En la recta final, Craft confirmaron que son una de las bandas más reverenciadas del metal extremo actual pero a la vez una de las más frías en directo. Tras haberles visto en distintas ocasiones, ni los cambios de músicos y de cantante les permiten reproducir el feeling de sus discos. Una lástima. Cerraron la noche Tabula Rasa y su cóctel de punk y heavy metal pagano, con momentos místicos y bastante marcianos y un cantante muy enérgico y comunicativo, lo que mantuvo el listón de una audiencia decreciente pero entregada.

De la segunda jornada nos quedamos, de entrada, con el descubrimiento de Abysmal Lord, sencillamente brutales, con una alineación que incluye a uno de los miembros de Cavemam Cult, quienes cerraron ya de madrugada con un despliegue arrollador de terrorismo sonoro. Destacaron también Adorior, desde Londres, quienes le pusieron muchas ganas,
despachando blast beats a mansalva y una vibe heavy metal aderezada con tachuelas, algunos medios tiempos con punteos sostenidos y guiños a los primeros Slayer. Su cantante Jaded Lungs nos ganó a base de actitud y una muy buena performance.
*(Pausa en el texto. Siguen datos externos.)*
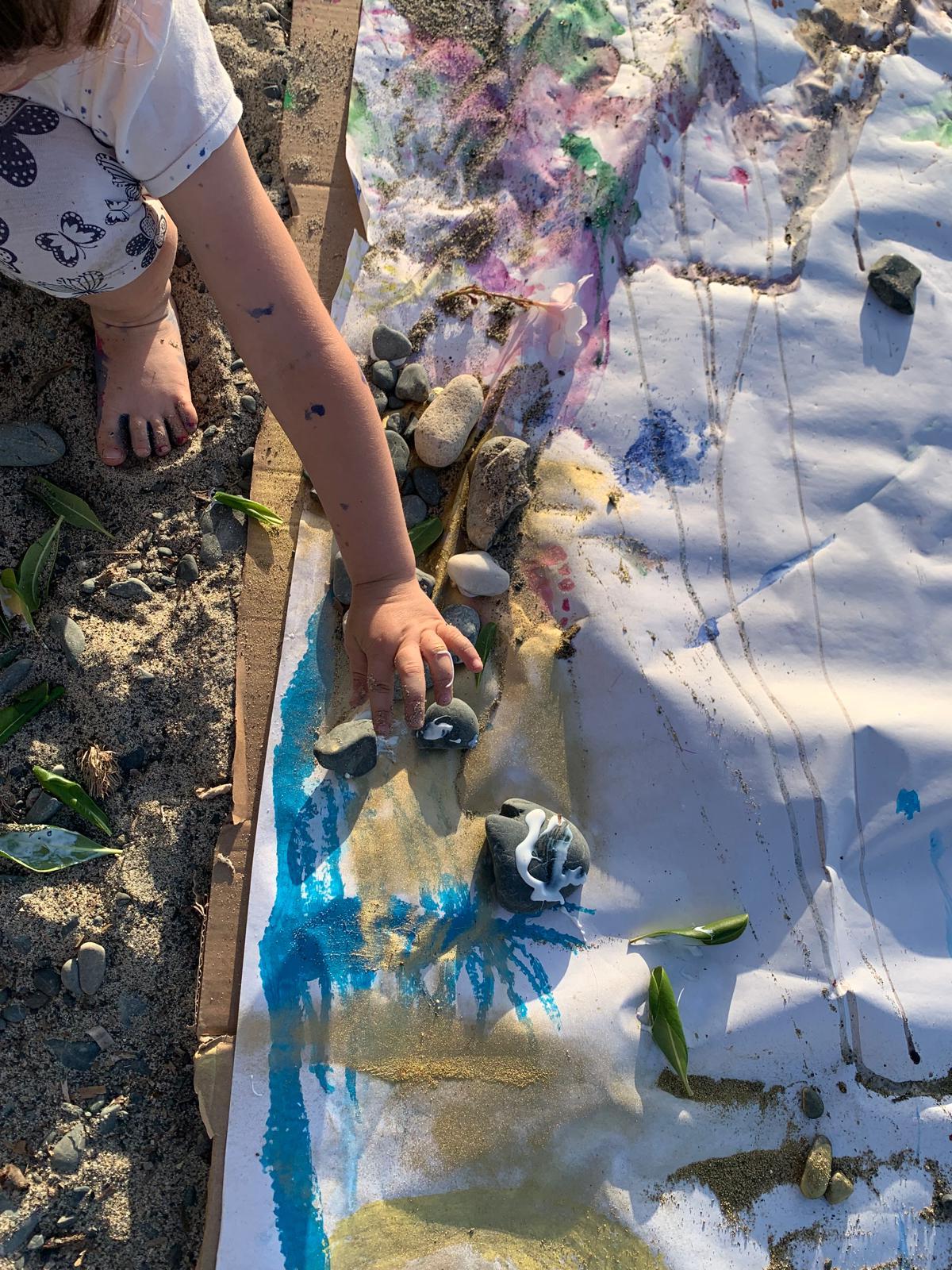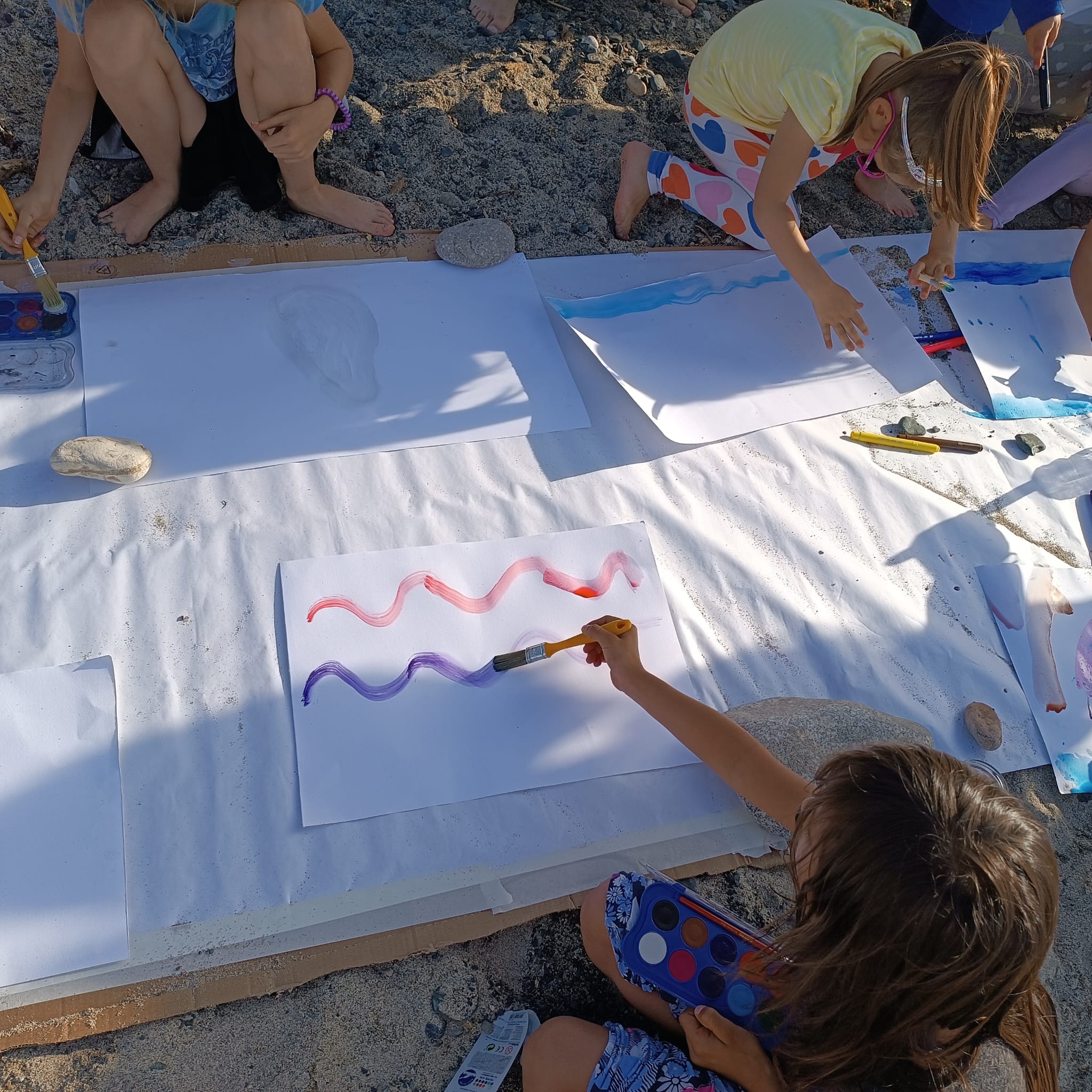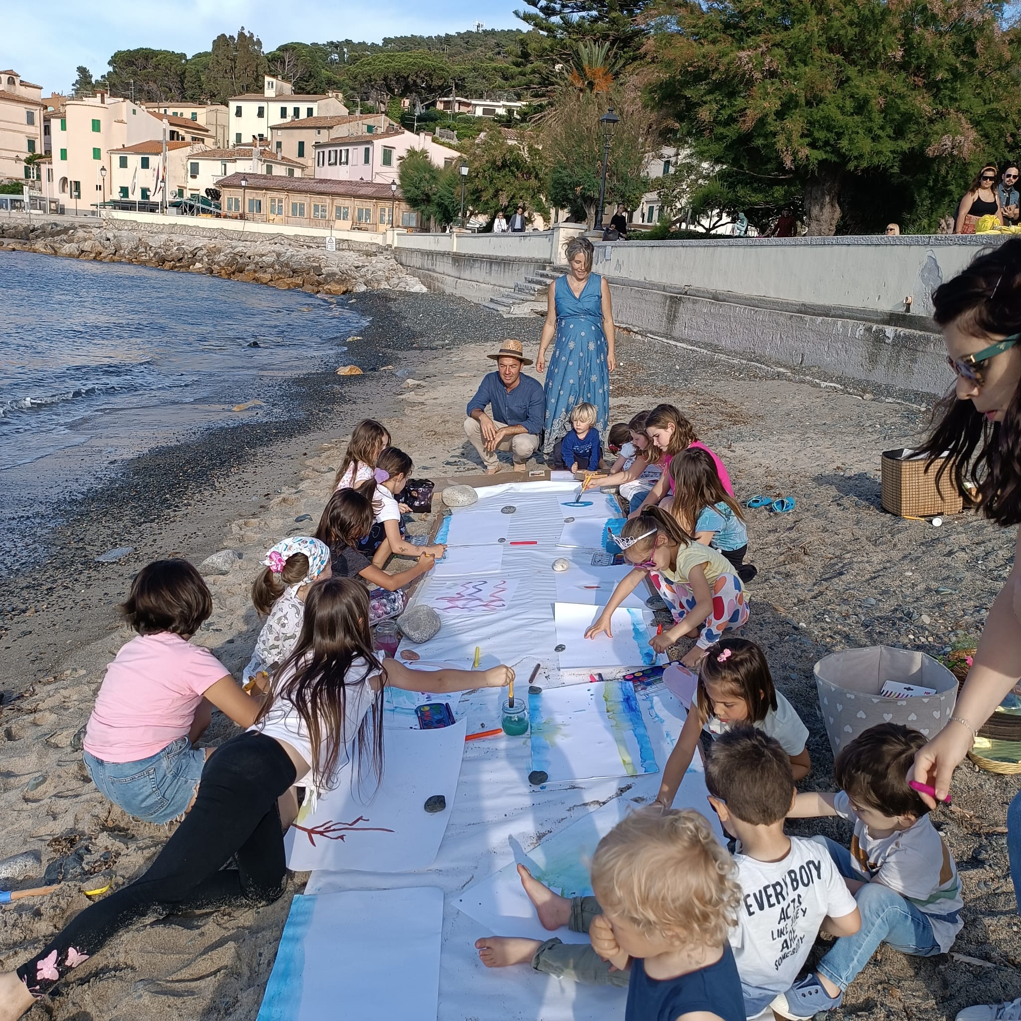 Ora il Terramare LAB diventa un momento immersivo nell’espressività artistica e ognuno di loro può liberare il desiderio di dare forma a un’emozione, dare colore a un disegno. Arriva il tempo di canalizzare ciò che si è osservato, toccato, annusato prima e riportarlo su una pittura, una forma, un colore… Accompagna questo tempo la melodia delle onde che si infrangono sulla battigia, i gabbiani che volteggiano sopra di loro, le vele che lentamente sfilano sul mare.
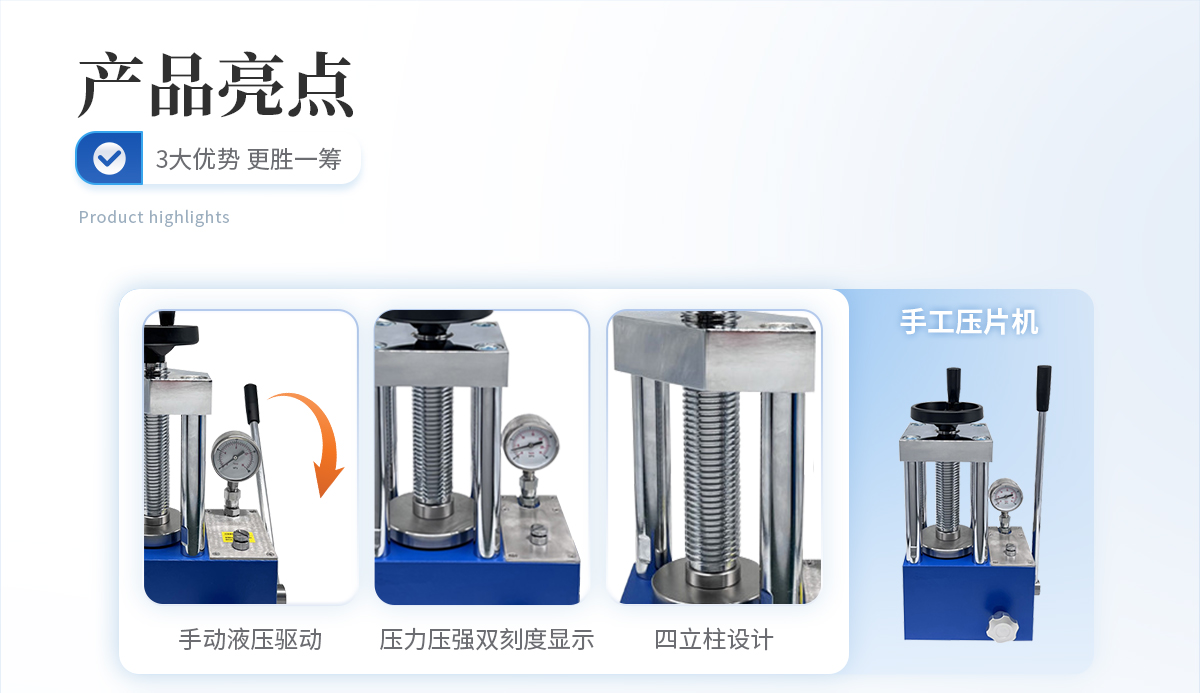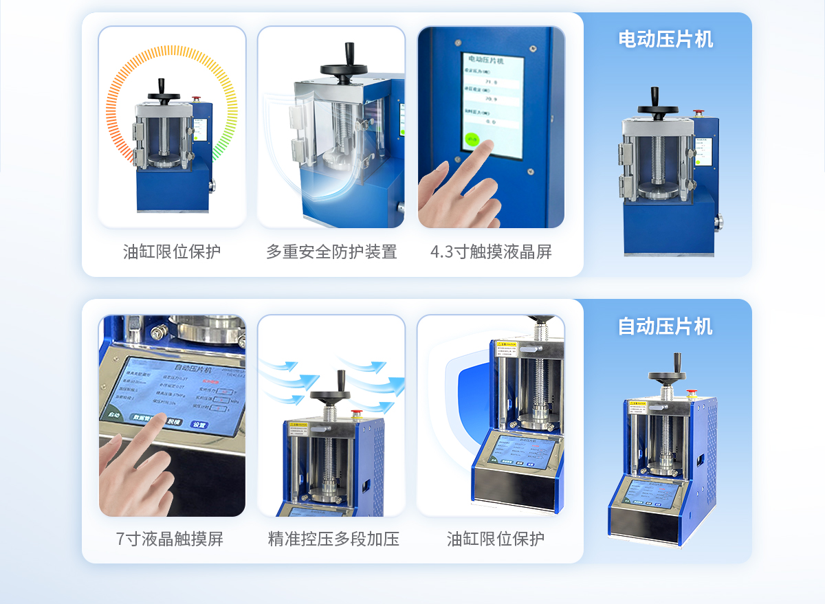 該機的優勢是壓力大、空間大,可操作性強,采用分體式結構,7寸觸摸液晶屏,自動化程序波段控制,操作界面可中英文互換,主要用于大規格模具在大壓力下的樣品制備;全系標配防彈玻璃防護罩,操作生產安全又放心。

Necloracle orquestaron una puesta en escena ritualística con calaveras y candelabros al servicio de su black metal á là Watain, bastante en sintonía en lo teatral con Pestkraft, quienes sumaron incienso y capuchas negras a su celebración maligna. Antes de su actuación pudimos disfrutar del black metal, repleto de medios tiempos y pasajes densos y envolventes, de los americanos Demoncy, quienes repasaron entero su disco "Joined in Darkness". Toda una rareza digna de un festival como este.

Pero si hubo un show que brilló por encima de los demás en esta edición del Winds of Agony fue el de Triumph of Death. Su descarga marcó la diferencia. Por su actitud, sonido, respuesta del público y, sobre todo, por sus temas. Abrieron con unas aceleradas “The Third of the Storms (Evoked Damnation)” y “Massacra”, con las que arrancaban su célebre EP de 1984 “Apocalyptic Raids”, para seguir con “Maniac”, los riffs pesados de “Blood Insanity” y “Decapitator”, de su demo homónima. Ráfagas de guitarra cortantes; suciedad y urgencia entre el black metal, el thrash y el crust-punk. Dobles bombos. Pogos caóticos en la pista. La bajista Jamie Lee Cussigh se mostró firme al bajo, contagiando con su energía a las primeras filas, mientras que Tom G. Warrior, icono del metal extremo, centró todas las miradas y reveló un gran sentido del humor, refiriéndose, por ejemplo, a su onomatopeia más utilizada, “Ugh!”, como su mayor legado. Marcando el clímax sonaron “Messiah”, extraída de “Satanic Rites”, una aplaudida “Visions of Mortality” de Celtic Frost, y el medio tiempo arrastrado de “Triumph of Death”. Triunfadores y muy vivos.